ABSTRACT
This article utilizes ethnographic and philosophical methods to consider the ethical dimensions of responding to student activists protesting racial and other forms of social inequality. I consider the case of State University, a public institution that experienced a conflict during the 2015–2016 school year provoked by national conversations about racism as well as in response to local acts of bigotry. I use this case to critique and extend the work of philosophers Bentley and Owen (2007), who argue the civic virtues of responsiveness and endurance should guide deliberations between minoritized communities and those in power. I amend their framework by demonstrating that responsiveness can be either thin or thick. When thin responsiveness occurs, dialogue is prioritized over action and student endurance often turns into exhaustion. Thick responsiveness, in contrast, is characterized by both the validation of student's experiences and reasoning and shifts in institutional power and resources. Thick responsiveness, I argue, allows institutions to address the unequal social relations that drive student protests and foster student belonging and development as democratic citizens.
Disclosure statement
No potential conflict of interest was reported by the author.
Notes
1. I use minoritized rather than minority or underrepresented because this term reframes minority status as the product of social relations and processes rather than numerical differences (Harper, Citation2012).

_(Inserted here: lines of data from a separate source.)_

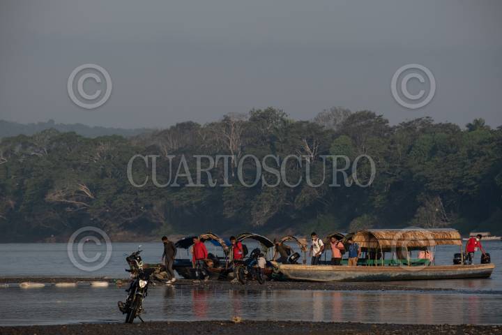 FRONTERA COROZAL, CHIAPAS, 27MARZO2021.- Cientos de migrantes en su mayoría hondureños cruzan la frontera entre México y Guatemala por el Río Usumacinta en lanchas. México impuso nuevas medidas para controlar la entrada de personas al país con actividades no escenciales, por tal motivo se han desplegado elementos del Instituto Nacional de Migración, Guardia Nacional y Ejercito, pero a la zona entre La Tenica y Fonrtera Corozal el transito continua sin cambios. FOTO: ISABEL MATEOS /CUARTOSCURO.COM
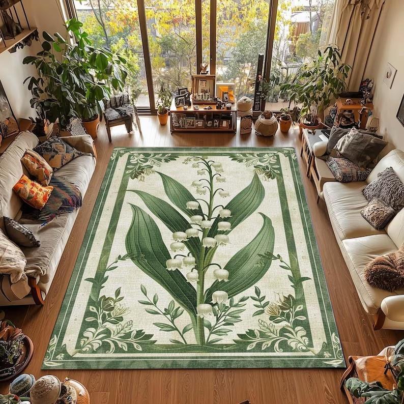 Vintage Lilienpflanzen-Teppich Wohnzimmer Schlafzimmer Vintage Grüner Randteppich Luther Pflanze Vollteppich Heimdekoration
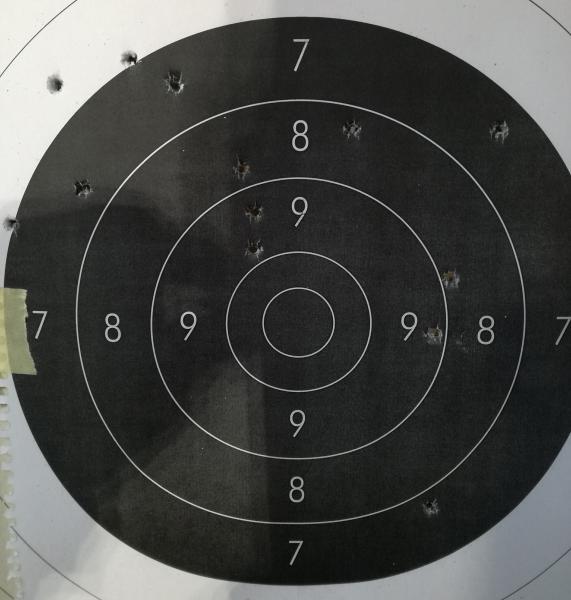 Pues los primeros disparos, a la izquierda abajo y tras unos retoques......SORPRESA!!!! sietes, ochos y nueves!!!!! no me lo podía imaginar, un arma tan pequeña.....increible.
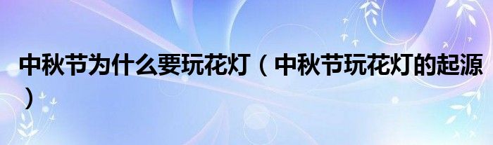 大家好,綜合小編來(lái)為大家講解下。中秋節(jié)為什么要玩花燈,中秋節(jié)玩花燈的起源很多人還不知道,現(xiàn)在讓我們一起來(lái)看看吧!

2. As a critique of late liberal governmentality, Povinelli’s (2011) work distinguished between modes of power that operate by “making die” and “letting die.” To distinguish between suppression and thin responsiveness, we might define the former as “making die” and the other as “letting die.” These distinctions are worthy of further theorization but are beyond the scope of this study, which sought to explicate the boundaries between thin and thick responsiveness.